Segment Start: RECORD EXCERPTS

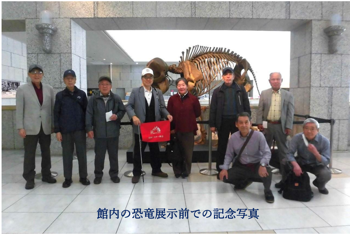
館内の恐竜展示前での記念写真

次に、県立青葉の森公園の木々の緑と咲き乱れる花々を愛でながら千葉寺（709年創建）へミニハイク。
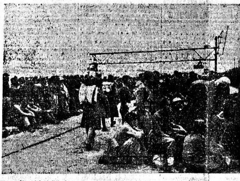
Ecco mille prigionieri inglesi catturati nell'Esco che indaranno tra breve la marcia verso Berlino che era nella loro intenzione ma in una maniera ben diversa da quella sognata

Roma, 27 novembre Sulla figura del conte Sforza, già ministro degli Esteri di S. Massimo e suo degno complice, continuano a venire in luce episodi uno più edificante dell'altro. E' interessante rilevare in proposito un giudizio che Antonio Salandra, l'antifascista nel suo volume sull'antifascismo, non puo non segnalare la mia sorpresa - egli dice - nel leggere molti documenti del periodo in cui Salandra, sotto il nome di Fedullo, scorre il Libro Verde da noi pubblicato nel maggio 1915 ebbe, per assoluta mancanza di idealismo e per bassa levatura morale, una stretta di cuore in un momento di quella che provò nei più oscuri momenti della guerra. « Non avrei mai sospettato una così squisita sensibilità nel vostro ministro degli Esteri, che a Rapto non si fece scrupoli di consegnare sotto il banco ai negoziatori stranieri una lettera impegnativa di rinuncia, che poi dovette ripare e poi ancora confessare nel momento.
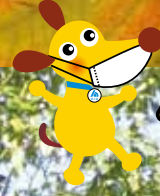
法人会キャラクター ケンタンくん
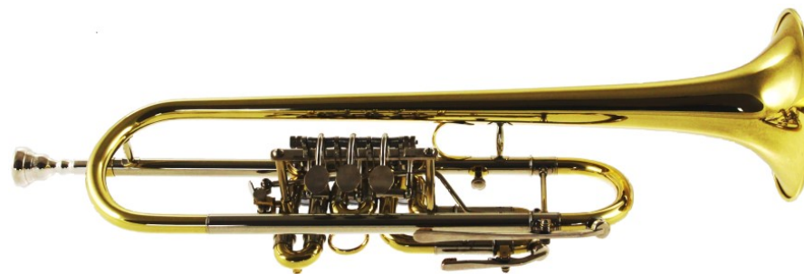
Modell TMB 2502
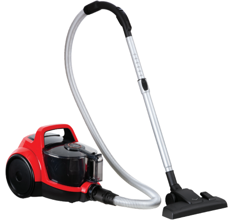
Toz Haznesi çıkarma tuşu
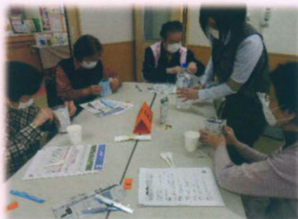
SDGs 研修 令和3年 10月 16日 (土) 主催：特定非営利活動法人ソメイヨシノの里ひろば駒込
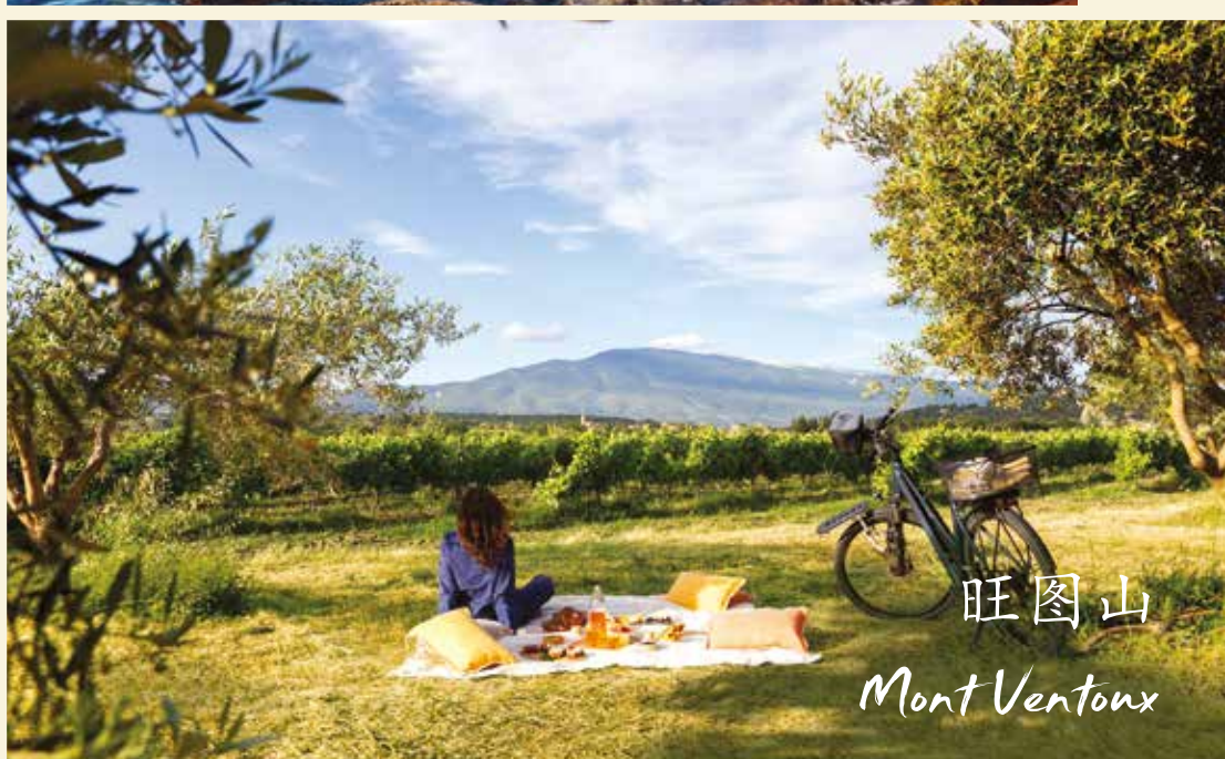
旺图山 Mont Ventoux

Segment End: RECORD EXCERPTS
Segment Start: RECORD EXCERPTS

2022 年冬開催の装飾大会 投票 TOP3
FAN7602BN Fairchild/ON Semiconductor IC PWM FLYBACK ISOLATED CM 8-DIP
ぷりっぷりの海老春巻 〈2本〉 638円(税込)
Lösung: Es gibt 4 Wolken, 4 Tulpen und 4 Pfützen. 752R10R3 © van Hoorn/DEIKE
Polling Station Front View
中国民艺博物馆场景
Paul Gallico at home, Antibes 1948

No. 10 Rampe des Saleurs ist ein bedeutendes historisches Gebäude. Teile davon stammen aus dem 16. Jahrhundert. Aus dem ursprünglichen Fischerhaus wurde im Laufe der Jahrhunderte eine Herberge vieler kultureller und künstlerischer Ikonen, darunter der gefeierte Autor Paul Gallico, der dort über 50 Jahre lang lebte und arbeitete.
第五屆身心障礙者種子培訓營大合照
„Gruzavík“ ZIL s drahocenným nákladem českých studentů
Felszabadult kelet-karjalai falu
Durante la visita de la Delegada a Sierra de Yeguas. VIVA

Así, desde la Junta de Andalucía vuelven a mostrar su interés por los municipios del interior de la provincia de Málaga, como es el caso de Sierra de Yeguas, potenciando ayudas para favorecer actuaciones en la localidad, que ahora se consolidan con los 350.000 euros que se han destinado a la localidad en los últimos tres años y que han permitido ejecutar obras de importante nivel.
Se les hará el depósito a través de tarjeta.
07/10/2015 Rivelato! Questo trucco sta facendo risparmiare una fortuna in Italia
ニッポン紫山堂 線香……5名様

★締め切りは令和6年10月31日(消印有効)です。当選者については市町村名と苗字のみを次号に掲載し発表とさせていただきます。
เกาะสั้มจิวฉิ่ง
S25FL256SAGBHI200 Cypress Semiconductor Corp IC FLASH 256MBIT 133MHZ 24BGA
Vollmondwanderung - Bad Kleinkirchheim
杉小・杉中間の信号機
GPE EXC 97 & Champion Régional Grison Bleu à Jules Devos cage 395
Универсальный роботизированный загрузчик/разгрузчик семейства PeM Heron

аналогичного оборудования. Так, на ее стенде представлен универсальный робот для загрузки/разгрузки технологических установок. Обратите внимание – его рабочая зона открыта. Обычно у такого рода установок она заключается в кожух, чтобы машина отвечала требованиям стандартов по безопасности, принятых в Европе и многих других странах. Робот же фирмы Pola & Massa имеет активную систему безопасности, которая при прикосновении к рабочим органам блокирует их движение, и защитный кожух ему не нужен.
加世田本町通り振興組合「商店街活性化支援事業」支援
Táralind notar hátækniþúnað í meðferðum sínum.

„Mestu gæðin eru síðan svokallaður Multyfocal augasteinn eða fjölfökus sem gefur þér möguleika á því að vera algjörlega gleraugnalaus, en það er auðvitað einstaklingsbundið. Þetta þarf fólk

Segment End: RECORD EXCERPTS

**INSTRUCTIONS FOR THE TASK**
Count the lines in the records above that contain the word "Semiconductor", and give only that number.

**EXPECTED ANSWER**
2